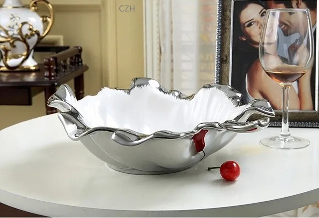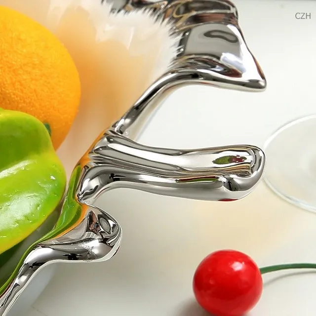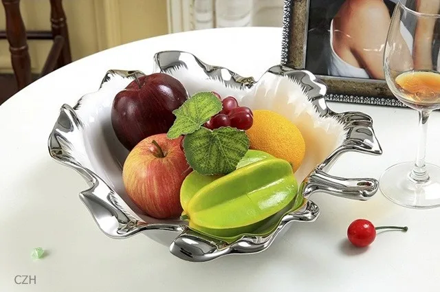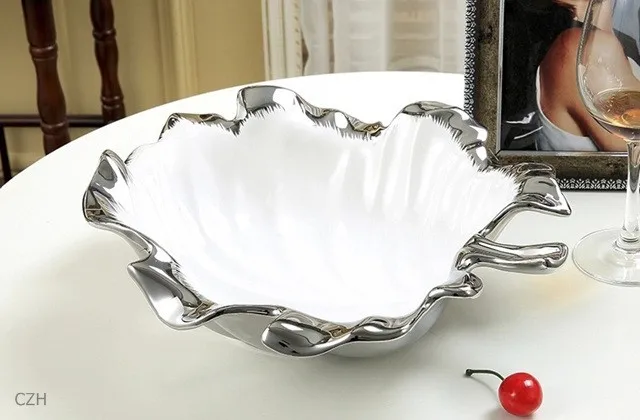 Electroplated Ceramics Leaf Shape Dinner Plate Ornamental Porcelain Serving Tray Tableware Receptacle Ornament Craft Accessories
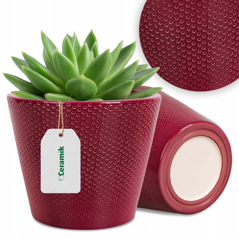 - його інтенсивна ruby колір і крапка дозволяють розмістити в ньому багато популярних рослин, , таких як Zamiokulkas, Dracaena, Aglaonema або Alocasia. Ви також можете успішно зберігати в ньому штучні квіти та рослини.
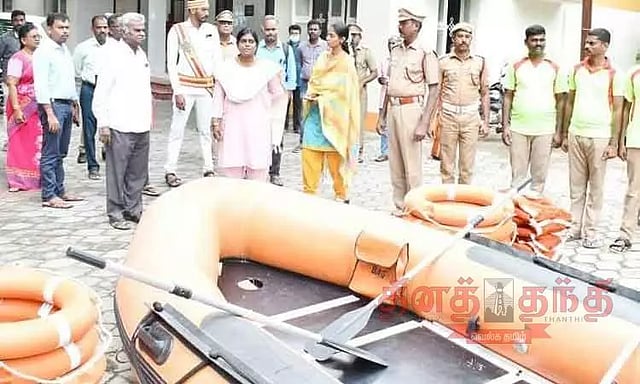 மீட்பு பணிக்காக தீயணைப்பு துறையினர் மற்றும் தமிழ்நாடு பேரிடர் மீட்பு குழுவினர், படகுகளுடன் தயார் நிலையில் உள்ளனர்.
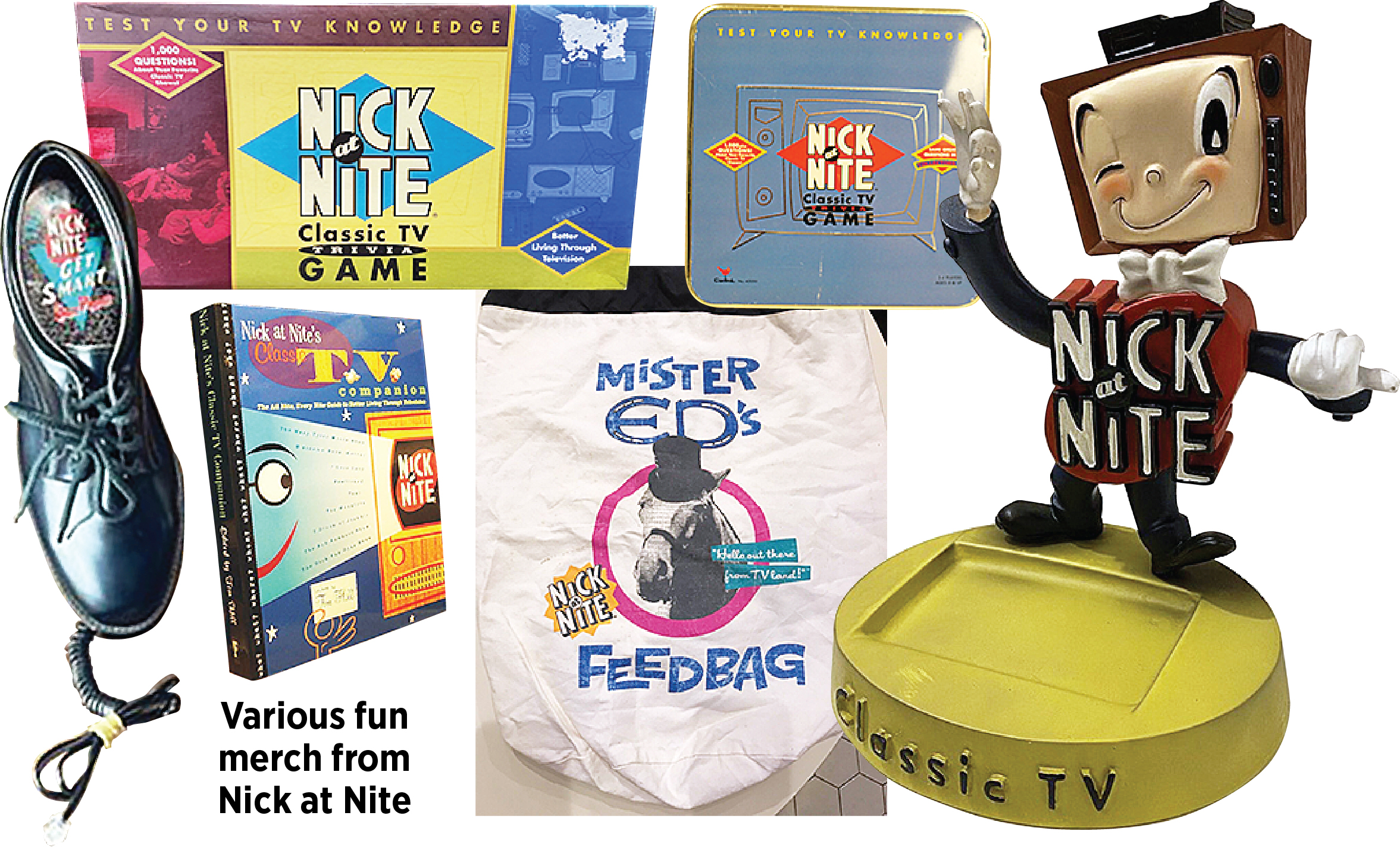 One memorable example was a Nick at Nite travel kit that included a “Get Smart Shower Cap of Silence” and “Alfred Hitchcock Spine-Tingling Soap.” It also sold a working house phone based on secret agent Maxwell Smart’s shoe phone seen on “Get Smart.”
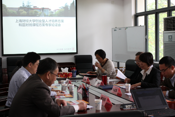2016年4月25日下午,上海财经大学创业型人才培养方案专家论证会在教务处二楼会议室召开。论证会邀请了复旦大学教务处处长徐雷、上海外国语大学教务处处长姜智彬、上海理工大学教务处副处长郝润科等校外专家,我校副校长兼创业学院院长刘兰娟、国际工商管理学院教授陈启杰、教务处处长朱红军、研究生院副院长李劲松等校内专家出席论证会。
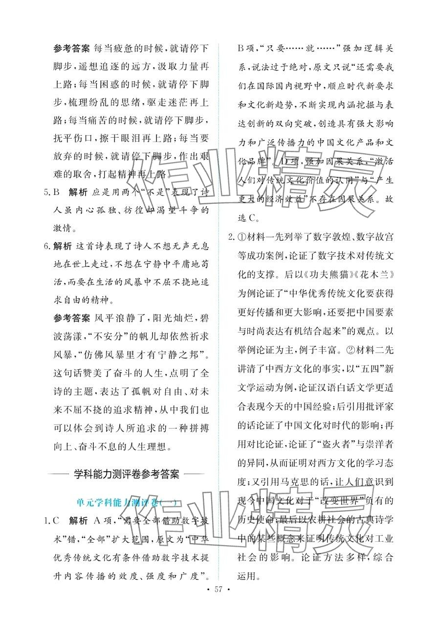 注:目前有些书本章节名称可能整理的还不是很完善,但都是按照顺序排列的,请同学们按照顺序仔细查找。练习册 2024年能力培养与测试高中语文选择性必修中册 答案主要是用来给同学们做完题方便对答案用的,请勿直接抄袭。
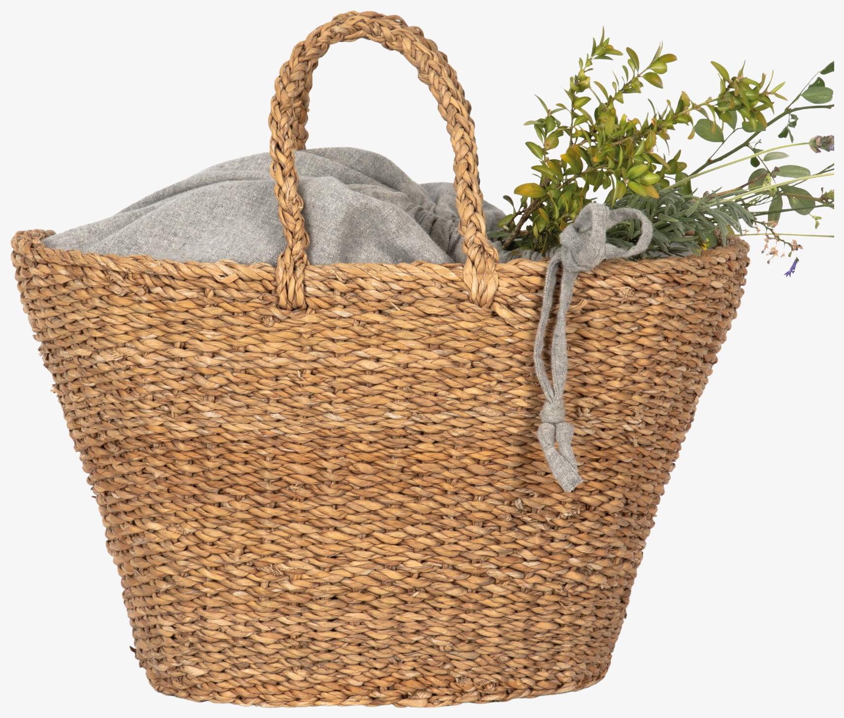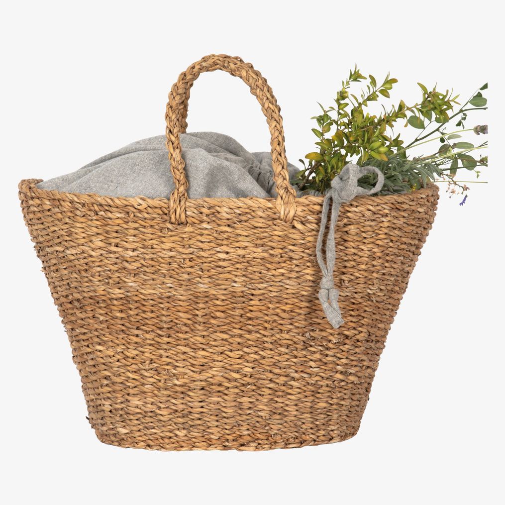 Der handgeflochtene Korb besteht aus pflanzlicher Algenfaser mit einem handgewebten Innenfutter aus recycelten Materialien (80% Baumwolle, 20% Polyester). Das traditionelle "Tant"-Gewebe verleiht dem Stoff ein besonderes handwerkliches Aussehen. Das Fassungsvermögen beträgt 26 Liter.
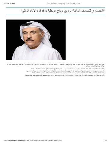 9/22/25, 9:23 AM "ﻲﻟﺎﻣﻟا ءادﻷا ةوﻗ دﻛؤﯾ ﺔﯾﻠﺣرﻣ حﺎﺑرأ ﻊﯾزوﺗ :ﺔﯾﻟﺎﻣﻟا تﺎﻣدﺧﻠﻟ يرﺎﺻﻧﻷا"
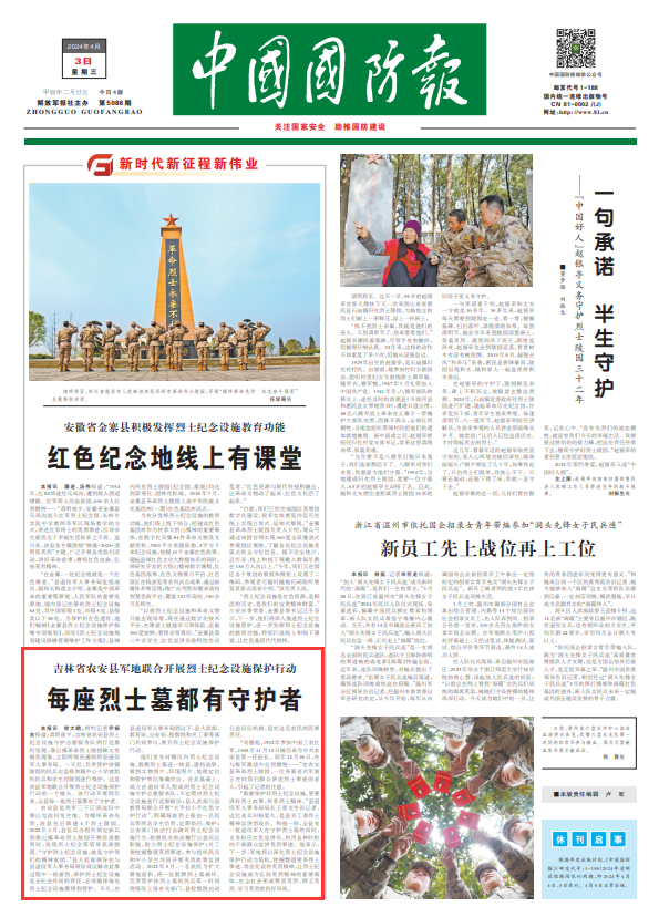 中国国防报讯 徐大鹏、特约记者乔振友报道:清明前夕,吉林省农安县烈士纪念设施守护志愿服务队例行巡察时发现,靠山镇革命烈士陵园碑文有褪色现象,立即将情况通报给县退役军人事务局。一天后,负责管护该镇陵园的民兵应急排和镇中心小学就组织民兵和学生对陵园进行维护。这是该县军地联合开展烈士纪念设施保护行动的一个镜头。该行动开展两年来,全县每一座烈士墓都有了守护者。
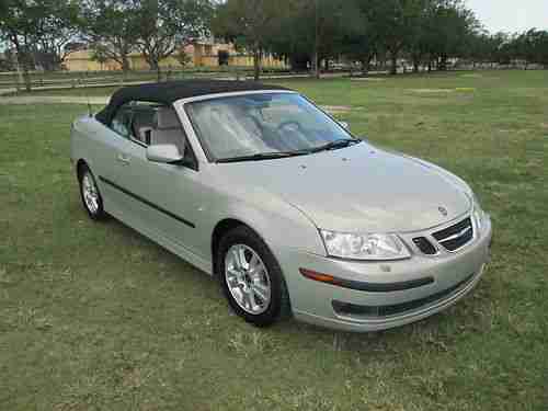 You are bidding on a 2006 Saab 9.3 Convertible ... 2.0 Turbo ...6 speed transmission ... dual power HEATED 6-way seats ... Silver Exterior ... Gray leather interior ... Black Canvas Top ... Florida Car with 73,000 original miles ... in excellent condition. Listed below are the following options and equipment:

Directions:
From the material above, output only the span of lines that starts at the one containing "2016年4月25日下午,上" and finishes at the one containing "9/22/25, 9:23 AM", word for word and free of pictures.

Result of this task:
2016年4月25日下午,上海财经大学创业型人才培养方案专家论证会在教务处二楼会议室召开。论证会邀请了复旦大学教务处处长徐雷、上海外国语大学教务处处长姜智彬、上海理工大学教务处副处长郝润科等校外专家,我校副校长兼创业学院院长刘兰娟、国际工商管理学院教授陈启杰、教务处处长朱红军、研究生院副院长李劲松等校内专家出席论证会。
 注:目前有些书本章节名称可能整理的还不是很完善,但都是按照顺序排列的,请同学们按照顺序仔细查找。练习册 2024年能力培养与测试高中语文选择性必修中册 答案主要是用来给同学们做完题方便对答案用的,请勿直接抄袭。
 Der handgeflochtene Korb besteht aus pflanzlicher Algenfaser mit einem handgewebten Innenfutter aus recycelten Materialien (80% Baumwolle, 20% Polyester). Das traditionelle "Tant"-Gewebe verleiht dem Stoff ein besonderes handwerkliches Aussehen. Das Fassungsvermögen beträgt 26 Liter.
 9/22/25, 9:23 AM "ﻲﻟﺎﻣﻟا ءادﻷا ةوﻗ دﻛؤﯾ ﺔﯾﻠﺣرﻣ حﺎﺑرأ ﻊﯾزوﺗ :ﺔﯾﻟﺎﻣﻟا تﺎﻣدﺧﻠﻟ يرﺎﺻﻧﻷا"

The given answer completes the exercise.